Best ways to tell who's laying and who is not?

I cooked a chicken last week. When I butchered them, I cut them up, and tossed each piece into the ice water as I went along. So, when packaged, some packages contained parts of Phred, and parts of Henry. Interestingly, there was a HUGE difference in meat quality between Phred and Henry. The first night, we had tender chicken. When I put the rest away, it was incredibly tough. I couldn't even cut through the skin. I returned it to the crock pot and let it simmer for an other round, and it fell off the bone after that. And yes, I did give the birds 3 days of fridge time before freezing them.
 
@aart
I think I will try these recipes, but not on this ole girl.. Anything to get a variation on the flavor of one of my favorite meats. BTW, when we cook chicken, we always remove the fat and skin and cook it up separately for the lil devilz in my avatar.
 
Knit some different color chicken sweaters.
Dress up the girls.
Place an infrared critter camera (no flash) viewing the nesting boxes.
Review the camera cards for activity and identification.
Cheers!!
 
Now THAT is a creative solution!! do you put the food dye on when they are first sitting on the nest??
 
Not sure if this should be in the laying section, meat section, or here, but anyway:

What in your opinion is the best way to tell who is laying (and ideally how well), and who is not, for the purposes of culling the flock in the fall?

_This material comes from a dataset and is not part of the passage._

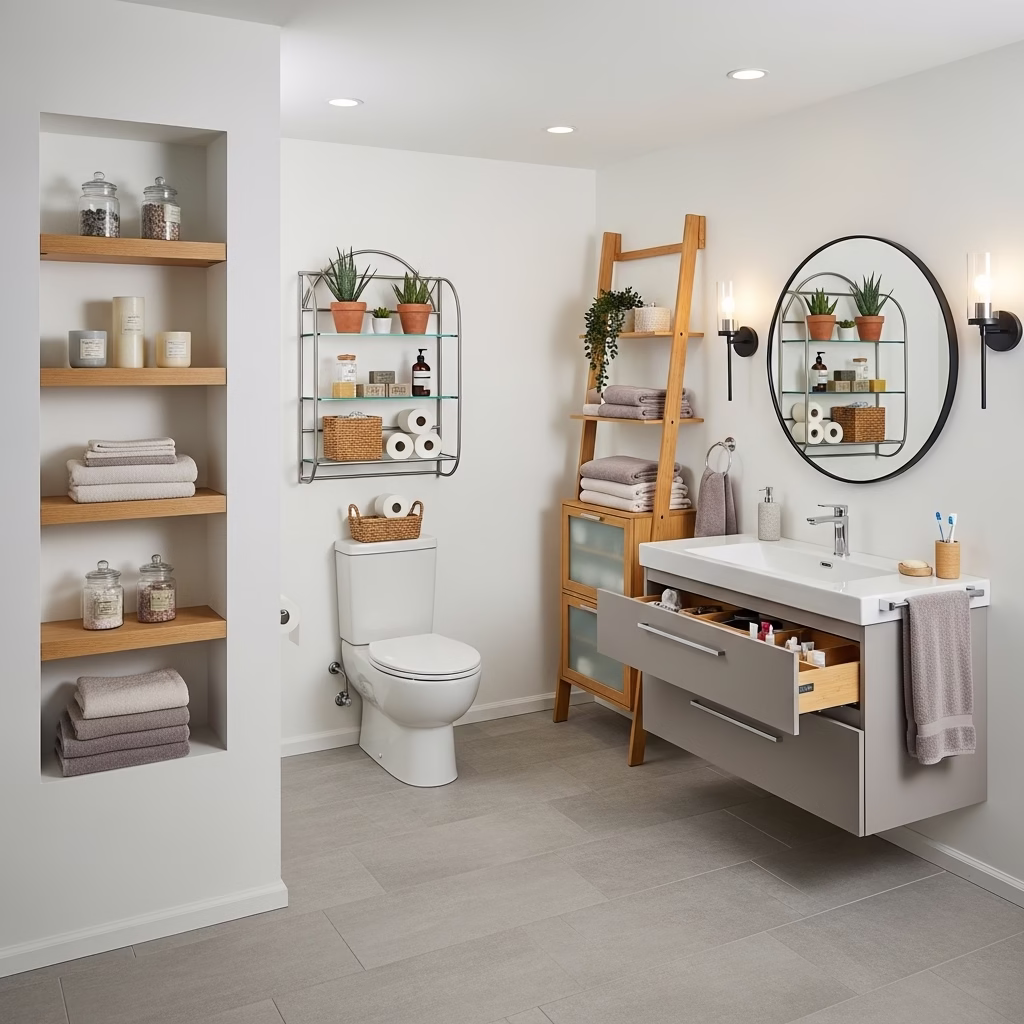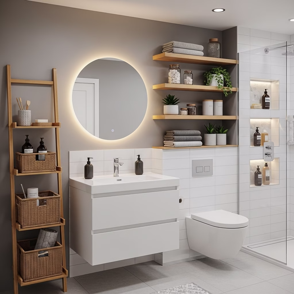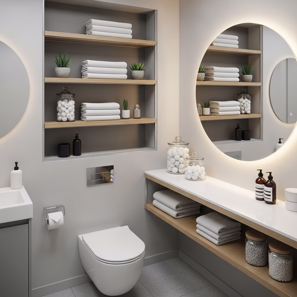 Moderne Badezimmer Regale wirken nicht streng. Sie unterstützen Ordnung, ohne den Raum kühl erscheinen zu lassen.

I know some people just get new birds on a regular basis and rotate out all the oldest ones, keeping track with bands or separate enclosures and just culling by age. This is what we tend to do, and overall it tends to average out in our favor. But what if you have an older hen who is still laying decently, or a younger one who never lays well at all?

We also have a bit of a bottle neck this fall because we have too many older hens and not enough pullets. We need to keep ourselves in as many eggs as we can for the next few months until we can raise a new crop, but prefer not to waste money on feed through the slower months.

I have tried to learn something by looking at rears to see if the vents were "large and moist" vs "small and dry" looking, but so far have only been able to cull one obvious non-layer (which a later "necropsy," as it were, during slaughter, proved an accurate assessment)--all the rest looked various degrees of "large and moist" to me. Yet we are only getting between 3 and 6 eggs a day from 12 layers at present. Maybe I just don't know well enough what to look for?

I have tried constructing trapnests as a project years ago, but had a hard time building anything that could work properly, and besides it's more of a project than I can take on right now anyway.

I plan to build a small chicken tractor that could be used to raise young birds in the spring and possibily to separate older hens in the fall for "testing" (putting a couple hens in the tractor, seeing what they lay for a week or two, then culling or making notes and returning to the coop, etc). But that is a rough workaround and doesn't give us very quick answers on the whole flock either.

Anyone have any tips on ways to divine egg laying activities accurately?
I think using a trail or deer camera in the coop would be the best way to tell which chickens are laying and which ones aren't.. :)
 
I think using a trail or deer camera in the coop would be the best way to tell which chickens are laying and which ones aren't..
smile.png
Not really...even with continuous video running all day and ample time to scroll thru and review.....birds go in and out of nests without laying, sometimes so fast you can't be sure which bird might have laid the egg you might be able to see in the nest. I know, I've tried it.

I always got told that white legs mean their laying and yellow legs means their not.
It's true that leg pigment can change during the laying cycle....
.....but it can be tricky, different breeds will present differently because of different skin color.
Would take a plethora of knowledge and experience to be accurate....which is beyond most backyarders capabilities.
 
I have 6 hens and 19 pullets. Only one of the pullets is currently laying, but most of them were hatched in June and are just now reaching point of lay, so I'm not expecting much from them until spring. My older hens I know exactly who is laying and who isn't, but I have them all banded and make it a point to visit the coop once or twice midday to see who is doing what. I don't go by comb color because I have 2 who are pale right now, but otherwise look great and are laying well. I band with zip ties and aside from losing a few bands when I initially banded younger chicks and they slipped off, I have yet to lose one. They have been on the older hens for over a year now and the pullets have all been banded since late summer.